The most important thing to remember about the faux-prosperity of the last 30 years is that it was manufactured on the basis of paper profits. If my house was worth £3000 in 1973 and £1.5 million in 2012, it is still essentially the same house and gives me the same pleasure to live in. If we could manufacture demand by making bombs and if we could manufacture demand by making houses quadruple in price, then we can manufacture demand in other ways, perhaps more satisfying ways as well.
Tom Streihorst
The overview of the last century in terms of economic growth and crisis is great, but the proposed solutions are rather weak. Heavily investing in education will bring very little return in a rapidly changing world where the skill you are training for can become obsolete before you master it; even less if manufacturing is turned over to robots needing minimal supervision. And culture and art are unlikely to become an engine for growth – not unless our attitude towards work undergoes radical change.
The article – or book – also takes a rather narrow view of the world, focusing only on western economies. There is plenty of growth in the developing world, even as it’s starting to slow down recently. External demand can be a healthier source of growth, as the huge population in the emerging markets starts having better living standards and purchasing power; investing in innovation, in new methods of producing power – preferably green power – and the related infrastructure; these are both more promising than nebulous funding for education.
The BRIC era arrived at the end of a century in which global living standards had diverged remarkably. Towards the end of the 19th century America’s economy overtook China’s to become the largest on the planet.

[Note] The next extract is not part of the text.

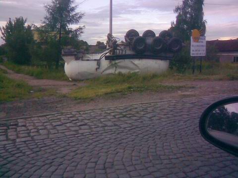 Pechowy zakręt w Prostkach. Podpis: Paweł

By 1992 China and India – home to 38% of the world’s population – were producing just 7% of the world’s output, while six rich countries which accounted for just 12% of the world’s population produced half of it. In 1890 an average American was about six times better off than the average Chinese or Indian. By the early 1990s he was doing 25 times better. […]

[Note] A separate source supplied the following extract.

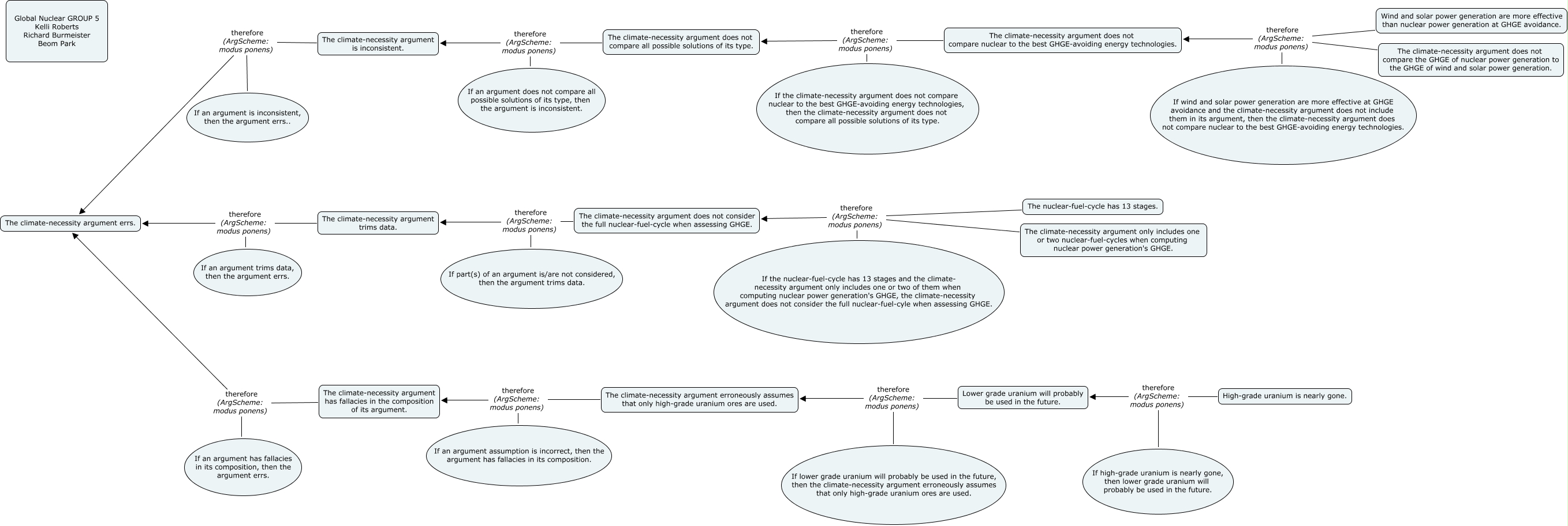 This Concept Map, created with IHMC CmapTools, has information related to: Kelli Roberts 4.1.b, If lower grade uranium will probably be used in the future, then the climate-necessity argument erroneously assumes that only high-grade uranium ores are used. therefore (ArgScheme: modus ponens) The climate-necessity argument erroneously assumes that only high-grade uranium ores are used., If an argument is inconsistent, then the argument errs.. therefore (ArgScheme: modus ponens) The climate-necessity argument errs., The nuclear-fuel-cycle has 13 stages. therefore (ArgScheme: modus ponens) The climate-necessity argument does not consider the full nuclear-fuel-cycle when assessing GHGE., If an argument has fallacies in its composition, then the argument errs. therefore (ArgScheme: modus ponens) The climate-necessity argument errs., If part(s) of an argument is/are not considered, then the argument trims data. therefore (ArgScheme: modus ponens) The climate-necessity argument trims data., The climate-necessity argument erroneously assumes that only high-grade uranium ores are used. therefore (ArgScheme: modus ponens) The climate-necessity argument has fallacies in the composition of its argument., If an argument trims data, then the argument errs. therefore (ArgScheme: modus ponens) The climate-necessity argument errs., If the nuclear-fuel-cycle has 13 stages and the climate- necessity argument only includes one or two of them when computing nuclear power generation's GHGE, the climate-necessity argument does not consider the full nuclear-fuel-cyle when assessing GHGE. therefore (ArgScheme: modus ponens) The climate-necessity argument does not consider the full nuclear-fuel-cycle when assessing GHGE., Wind and solar power generation are more effective than nuclear power generation at GHGE avoidance. therefore (ArgScheme: modus ponens) The climate-necessity argument does not compare nuclear to the best GHGE-avoiding energy technologies., The climate-necessity argument is inconsistent. therefore (ArgScheme: modus ponens) The climate-necessity argument errs., The climate-necessity argument trims data. therefore (ArgScheme: modus ponens) The climate-necessity argument errs., If high-grade uranium is nearly gone, then lower grade uranium will probably be used in the future. therefore (ArgScheme: modus ponens) Lower grade uranium will probably be used in the future., If an argument does not compare all possible solutions of its type, then the argument is inconsistent. therefore (ArgScheme: modus ponens) The climate-necessity argument is inconsistent., The climate-necessity argument does not compare nuclear to the best GHGE-avoiding energy technologies. therefore (ArgScheme: modus ponens) The climate-necessity argument does not compare all possible solutions of its type., If the nuclear-fuel-cycle has 13 stages and the climate- necessity argument only includes one or two of them when computing nuclear power generation's GHGE, the climate-necessity argument does not consider the full nuclear-fuel-cyle when assessing GHGE. therefore (ArgScheme: modus ponens) The climate-necessity argument only includes one or two nuclear-fuel-cycles when computing nuclear power generation's GHGE., If the climate-necessity argument does not compare nuclear to the best GHGE-avoiding energy technologies, then the climate-necessity argument does not compare all possible solutions of its type. therefore (ArgScheme: modus ponens) The climate-necessity argument does not compare all possible solutions of its type., The climate-necessity argument does not compare the GHGE of nuclear power generation to the GHGE of wind and solar power generation. therefore (ArgScheme: modus ponens) The climate-necessity argument does not compare nuclear to the best GHGE-avoiding energy technologies., If an argument assumption is incorrect, then the argument has fallacies in its composition. therefore (ArgScheme: modus ponens) The climate-necessity argument has fallacies in the composition of its argument., High-grade uranium is nearly gone. therefore (ArgScheme: modus ponens) Lower grade uranium will probably be used in the future., The nuclear-fuel-cycle has 13 stages. therefore (ArgScheme: modus ponens) The climate-necessity argument only includes one or two nuclear-fuel-cycles when computing nuclear power generation's GHGE.

There is a risk, though, that matters may move in the opposite direction. The rich world is more cautious about globalisation than it was a decade or two ago, and more interested in maintaining its export competitiveness. A century ago the world’s last great era of trade integration ended with a war and ushered in a generation of economic nationalism and international conflict. The recent proliferation of regional trade agreements could signal a move towards fractionalisation of the global economy. And slowed growth in the now-large BRICs could lead to the sort of internal tensions that countries can displace by picking external fights. Whether or not the world can build on a remarkable era of growth will depend in large part on whether the new giants tread a path towards greater global co-operation—or stumble, fall and, in the worst case, fight.